Я добилась своего: с меня не стали брать поборов, и я могла торговать, не обвешивая и не обсчитывая.

— Я тебя буду ждать, — сказал Нугзар, — а шалаву возьму временно.

Я поблагодарила Нугзара еще раз и поехала в госпиталь Бурденко, где, по моим расчетам, Гузман уже должен был закончить операцию.

Гузман пил чай в своем кабинете. Он налил мне чаю в чашку из тонкого фарфора, хорошего английского чая с бергамотом.

— Как мать? — спросил он.

— Здорова.

— Агрессивна по-прежнему?

— По-прежнему.

— Русские женщины хороши в обороне — не сдаются и не предают. Но они так привыкли защищаться, что, когда наступит мирное время, не могут перестроиться.

— Илья Моисеевич, но ведь у вас жена тоже русская.

— Но моя жена из великих русских женщин!

— А вы знаете, как бы она повела себя, узнав о вашей измене?

— Знаю, — сказал Гузман. — Лет десять назад у меня был роман, небольшой, на полгода, так она мне только недавно сказала, что знала о нем.

— Знала десять лет и не проговорилась?

— Да.

— Тогда она действительно великая женщина.

— Конечно.
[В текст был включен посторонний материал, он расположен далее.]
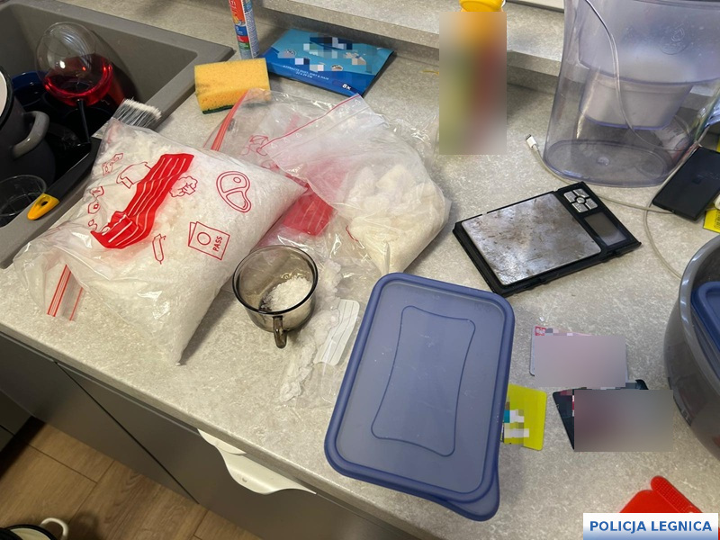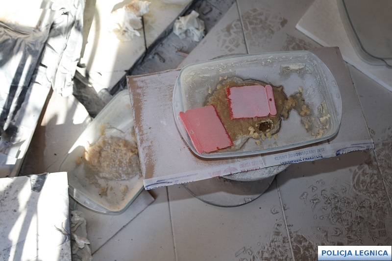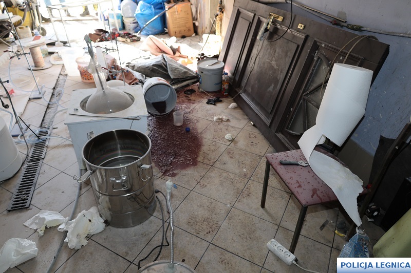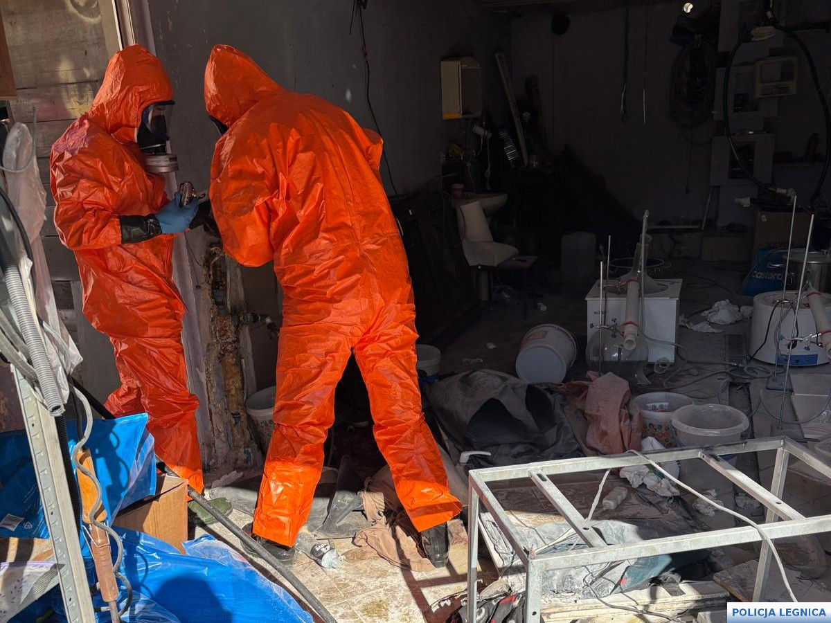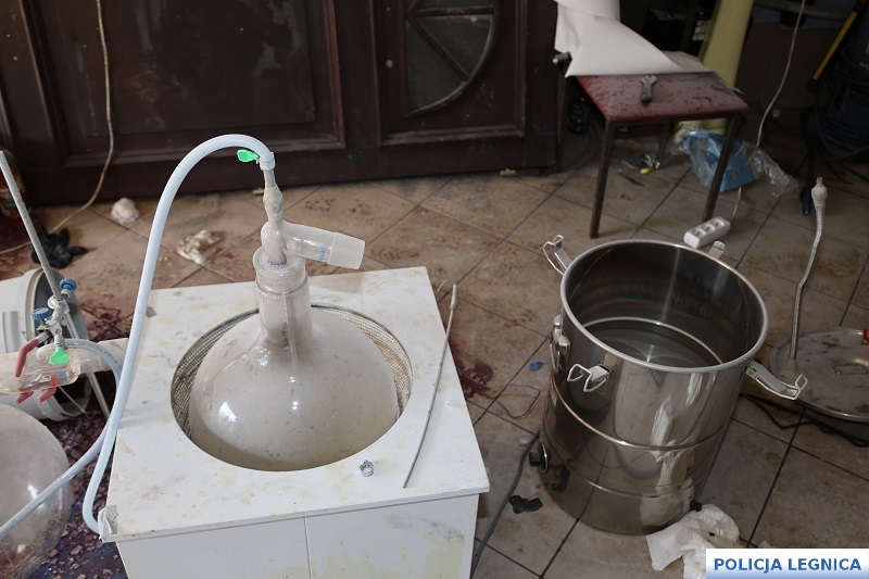 Podczas szczegółowych oględzin policjanci zabezpieczyli sprzęt laboratoryjny, w tym m.in. kolby szklane, naczynia żaroodporne, pipety, menzurki oraz liczne pojemniki z odczynnikami chemicznymi wykorzystywanymi do syntezy narkotyków. Równolegle prowadzone czynności procesowe w kolejnych lokalizacjach na terenie Legnicy oraz Lubina doprowadziły do zabezpieczenia kolejnych porcji narkotyków, sprzętu służącego do ich porcjowania, telefonów komórkowych, dokumentacji oraz gotówki mogącej pochodzić z przestępczej działalności.

Я ее так и зову: Евдокия Великая.

— А что с отцом? — перевела я разговор, заметив, что Гузман посмотрел на часы.

— Травма позвоночника, не опасная. Я не исключаю, что мосле несложной операции он встанет на ноги. Но сегодня ему сделали томографию мозга и обнаружили опухоль. Я вначале думал, что врачи ошибаются, он проходил у меня через томограф полгода назад. Поехал, посмотрел сам. Опухоль есть. Перед этой катастрофой он три месяца провел в Бразилии, процесс, вероятно, только начался, солнце могло активизировать его: он же никогда не прикрывает голову. Если это злокачественная, то последствия могут быть самые разные.

— Какие?

— Иногда одной операцией не обходимся. Бывают и две, и три, и пять. А сердце у него… Ты же знаешь, у него был инфаркт.

Об инфаркте я ничего не знала.

— Так что, если ты собираешься ехать отдыхать, лучше тебе все отложить. Может, придется выхаживать.

— Операцию будете делать вы?

— Обычно хирурги стараются не оперировать родственников и друзей. Посмотрим. Я знаю только одно: Иван надолго вываливается из тележки.

— Он знает об этом?

— Да. Я ему сказал.

— А что он?

— Ничего. Попросил сигарету.

— Я бы тоже закурила.

Это была уже пятая сигарета за день. Мы с Гузманом выкурили по сигарете.

— Не затягивайся, когда куришь, — порекомендовал Гузман. — Это называется быстрое курение, которое наносит удар по сосудам сердца и мозга. Курить, как и жевать, надо медленно, получая удовольствие и не нанося вреда.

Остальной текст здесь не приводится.